Using the Pushshift API to Collect Gab Data

URL: https://gab.pushshift.io/

Introduction

This document details the use of the Pushshift API for working with Gab data. Recently, Gab has transitioned to a new platform using the Mastodon framework. Pushshift is now actively ingesting all new content posted to Gab as well as moving backwards to update prior posts. The index is set up to be near real-time and updates approximately every 30 seconds. Most of the fields within the new JSON structure have been included in the Elasticsearch mapping so that most fields can be searched, filtered, and aggregated.

Getting Started

There are three primary methods for querying data -- using a uri based search (easily used with web browsers), making a GET request using a data body, and a hybrid request where the data body is passed as a JSON string via a source parameter. Below are examples of making a very basic request using the three methods.

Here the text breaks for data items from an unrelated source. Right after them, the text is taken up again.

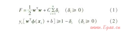 優(yōu)化的目標函數為F=wTw,目標函數F可以保證分類的最優(yōu)性,約束條件(2)則保證分類的正確性。為了消除異常樣本的影響,引入松弛變量δi,相應的目標函數可以表示為: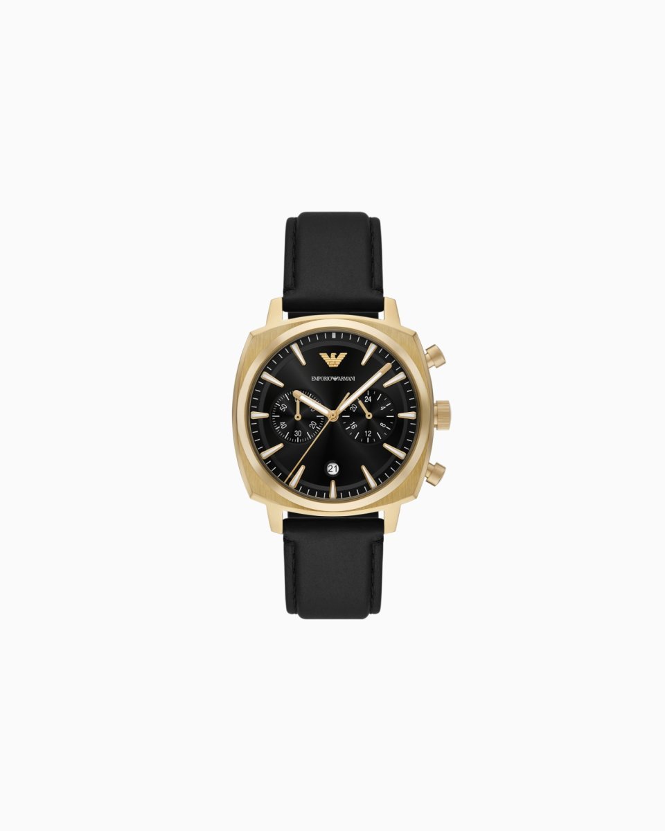 A 40mm, cushion-shaped case frames the black sunray dial of this watch with a quartz chronograph movement. Complemented by a pale gold tone stainless steel case with a date window at 6 o'clock and a black leather strap, this watch is the perfect contemporary execution of vintage flair.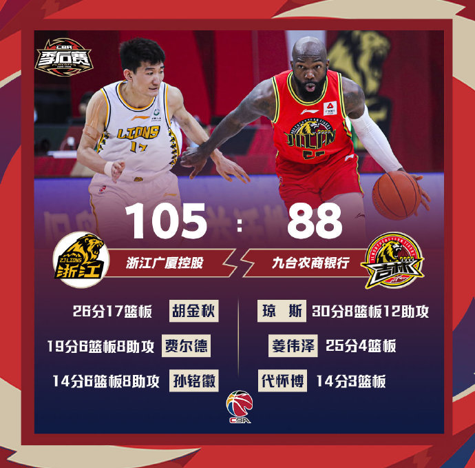 广厦:胡金秋26分17篮板3抢断,赵岩昊21分,费尔德19分6篮板8助攻2抢断,孙铭徽14分6篮板8助攻3抢断,许钟豪12分9篮板1助攻5封盖,李京龙9分2助攻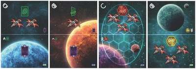 戦闘:向き合っている区画では、最初に火力の設定を行い、見えている戦闘機に対応するダメージトークンを準備します。その後イニチアシブコマを持つプレイヤーから順番にダメージを分配します。ダメージトークンは上から下の順に配置し、最後の戦闘機にダメージが配置されたときにそのカードは捨て札となり、上段部分が公開されて様々なカードのその効果が適用されます。全ての区画が破壊されたら、残るダメージ分だけ装甲が破壊されます。ダメージトークンはラウンドをまたぎます。戦闘終了時にイニチアシブコマを持つプレイヤーは相手に渡します。

Objective: Fetch up to 100 posts with the search term “Trump” and sort by most recent:

URI Search:

This method is the most straightforward and can be done from any web browser. The query for this method is:

https://gab.pushshift.io/search/?q=body:trump&sort=created_at:desc&size=100

GET Request with Data Body:

The GET request method uses a JSON string and is generally used by scripts or programming languages such as Python. The request looks like this:

curl -H "Content-Type: application/json" -XGET https://gab.pushshift.io/search -d '{"query":{"match":{"body":"trump"}},"size":100,"sort":{"created_at":"desc"}}'

There is also a third “hybrid” method that allows for making any possible query with a GET request available via a URI search by using two parameters -- “source” and “source_content_type”. The request would look like this:

URI Hybrid Request:

This method is similar to the first type but also uses a JSON string similar to the second type. The JSON string is passed as the value for the “source” parameter. The request looks like this:

https://gab.pushshift.io/search/?source_content_type=application/json&source={"query":{"match":{"body":"trump"}},"size":100,"sort":{"created_at":"desc"}}

The type of request that should be used depends on how complicated the query is and how the request is made (either from a script or manually made in a web browser). For simple searches, a URI search request is usually the easiest, but that method does not support advanced query options like aggregations, etc.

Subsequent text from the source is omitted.